◆ **Problem requirements**
Restrict the output to the lines below starting at the one that contains "Style: Waffle Knit Top with Camo Sleeves" and ending at the one that contains "При строителството на", and restate them word for word, both ends included.

◆ **Extracted records**
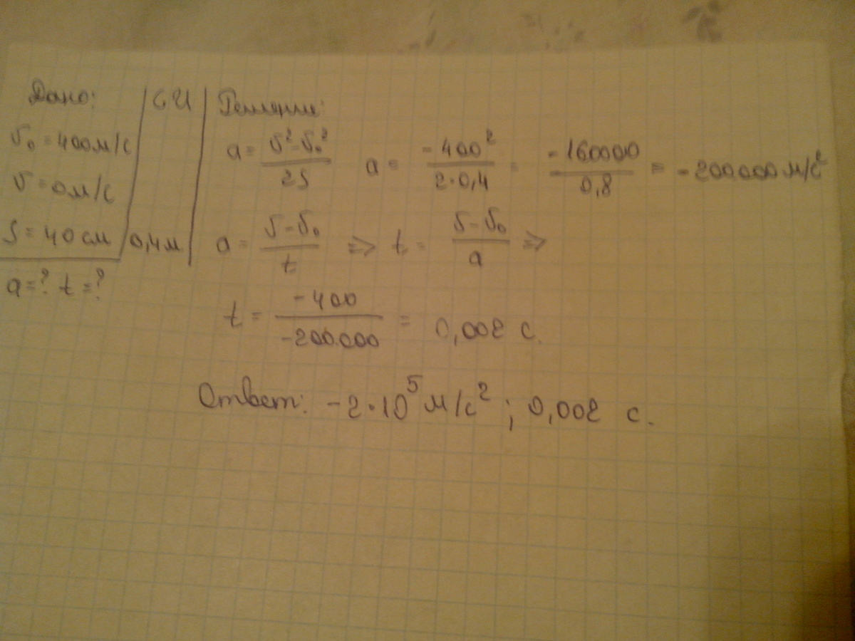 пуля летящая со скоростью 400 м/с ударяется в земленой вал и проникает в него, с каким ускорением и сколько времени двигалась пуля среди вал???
...
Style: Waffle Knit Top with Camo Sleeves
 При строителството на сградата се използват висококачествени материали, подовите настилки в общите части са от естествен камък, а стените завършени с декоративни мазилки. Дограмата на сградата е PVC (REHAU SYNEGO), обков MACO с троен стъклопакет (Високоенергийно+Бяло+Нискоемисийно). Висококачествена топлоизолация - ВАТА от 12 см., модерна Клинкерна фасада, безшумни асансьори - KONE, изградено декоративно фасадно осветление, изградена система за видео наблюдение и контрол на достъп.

◆ **Exercise answer**
Style: Waffle Knit Top with Camo Sleeves
 При строителството на сградата се използват висококачествени материали, подовите настилки в общите части са от естествен камък, а стените завършени с декоративни мазилки. Дограмата на сградата е PVC (REHAU SYNEGO), обков MACO с троен стъклопакет (Високоенергийно+Бяло+Нискоемисийно). Висококачествена топлоизолация - ВАТА от 12 см., модерна Клинкерна фасада, безшумни асансьори - KONE, изградено декоративно фасадно осветление, изградена система за видео наблюдение и контрол на достъп.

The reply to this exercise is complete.